In rare good news for an otherwise devastated region, Kosovo signed a stabilization and accession agreement with the European Union last month, bringing the country closer to EU membership. It was an encouraging victory for young Western-trained Kosovo diplomats. But not two weeks later, the country suffered a most demoralizing defeat when Russia and Serbia succeeded in canceling Pristina’s candidacy to join Unesco.
In fact, Kosovo won 93 votes to 50, but it lacks three votes from the two-thirds majority required to become a member. The Serbian “victory” was a classic example of a nose cut against his face, as the main Unesco heritage sites in Kosovo are the churches and monasteries considered to be the cradles of the Serbian Orthodox faith. Placing them under the control of the United Nations would have given Belgrade a voice over their status. But for Belgrade diplomats, scoring points against Kosovo is more important.
Such is the chaos of the Western Balkans.
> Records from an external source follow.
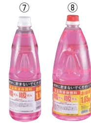
暖暖 (保温用液体燃料)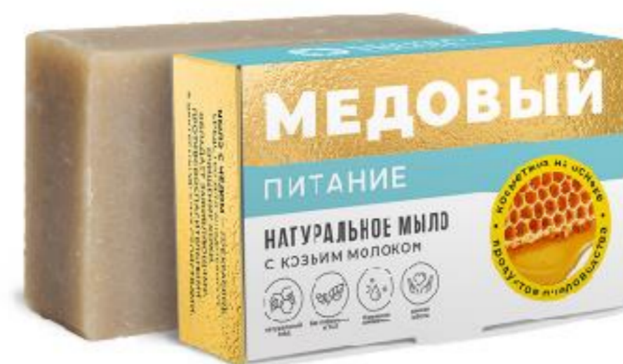
Питание с козьим молоком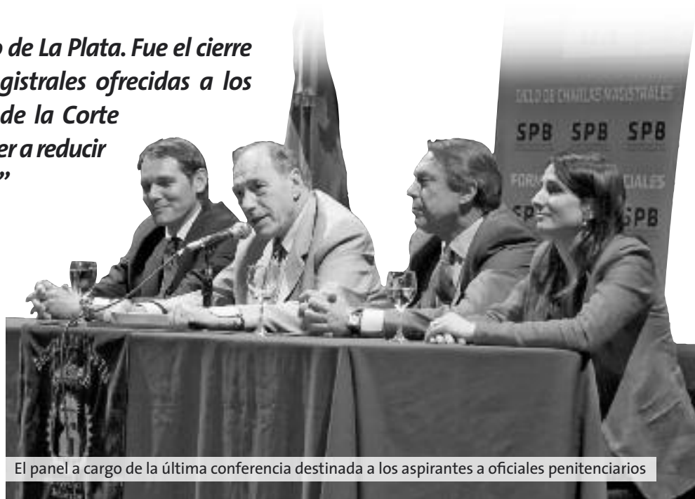
El panel a cargo de la última conferencia destinada a los aspirantes a oficiales penitenciarios

Sixteen years after the fighting ended, the region remains Europe’s zombie zone, where the dead count more than the living and living in the past is more important than working for a better future. There is no real stability, rule of law or positive economic outlook for the citizens of the region.
A September 2015 International Monetary Fund report indicates negative growth for the region. Serbia has had a negative birth rate since 1992, with the Serbian population falling by 400,000 since 2000. Since the financial crash, 180,000 Greek graduates have left the region. The IMF reports unemployment rates of up to 50% for the Western Balkan states.
It is not only the bitterness left by Milošević’s decade of war in the 1990s that is at the origin of this division. States refuse to cooperate, recognize each other or open borders to trade and investment like their northern European neighbors.
Between the Serbs and the Bosnians and Croats, there is no further detente even 20 years after the Srebrenica massacre. Serbia refuses to recognize Kosovo. Slovenia erected a fence on its border with Croatia, and these are the two lucky states that entered the EU out of the six that emerged from the former Yugoslavia. The other four, Bosnia, Kosovo, Macedonia, Montenegro and Serbia, are still waiting.
And so you have a situation like the recent EU summit on Western Balkan immigration, where Greece would not speak to Macedonia of the proper name of the former Yugoslav republic and continue to refuse to open an embassy in Pristina. And Serbia would not speak in Kosovo, which Belgrade sees as a separatist province that will one day be restored. It is highly unlikely that states in this besieged region will learn to cooperate, to exchange intelligence on refugees and human traffickers, or to initiate joint police and border patrol operations.
This is a problem that the Balkans must resolve among themselves. Until they do, neighboring countries will continue to view them with great suspicion. Hungary has already erected a fence on its border with Serbia, not trusting the Serbs to slow the flow of refugees and economic migrants. Meanwhile, the Balkan states simply want to pass the problem on to German Chancellor Angela Merkel and the prime ministers of the wealthier states in the EU.
Worse yet, in the EU, Cyprus, Greece, Romania, Slovakia and Spain even refuse to recognize Kosovo. They can all find local reasons: Spain is worried about Catalan independence; Romania and Slovakia do not like Budapest’s claim to speak for the Hungarian minorities within their borders; Greece and Cyprus are influenced by the Orthodox Church’s ties with Serbia.
But the end result is that the EU, so often eager to lecture the world on solving foreign policy problems, seems pathetic in its inability to achieve mutual recognition for a small nation an hour’s flight away. Athens or Bucharest.
And so it is not only refugees from the Middle East who bypass the region on the path to safety and freedom. Given the desperate situation in the Western Balkans, a mass movement of vigorous young people have also voted with their feet as they head north for better economic opportunities. If the region’s politicians want the best and brightest in their countries to work at home, they must learn to cooperate and help their states grow together.
For starters, more mature European powers could tell smaller EU members that they are not full members of the foreign policy club until Kosovo is recognized. Brussels, and more importantly Britain, France and Germany, should also make Belgrade understand that without accepting Kosovo’s independence, Serbia’s chances of entering the EU are non-existent.
Mr Macshane was British Minister for Europe under Prime Minister Tony Blair.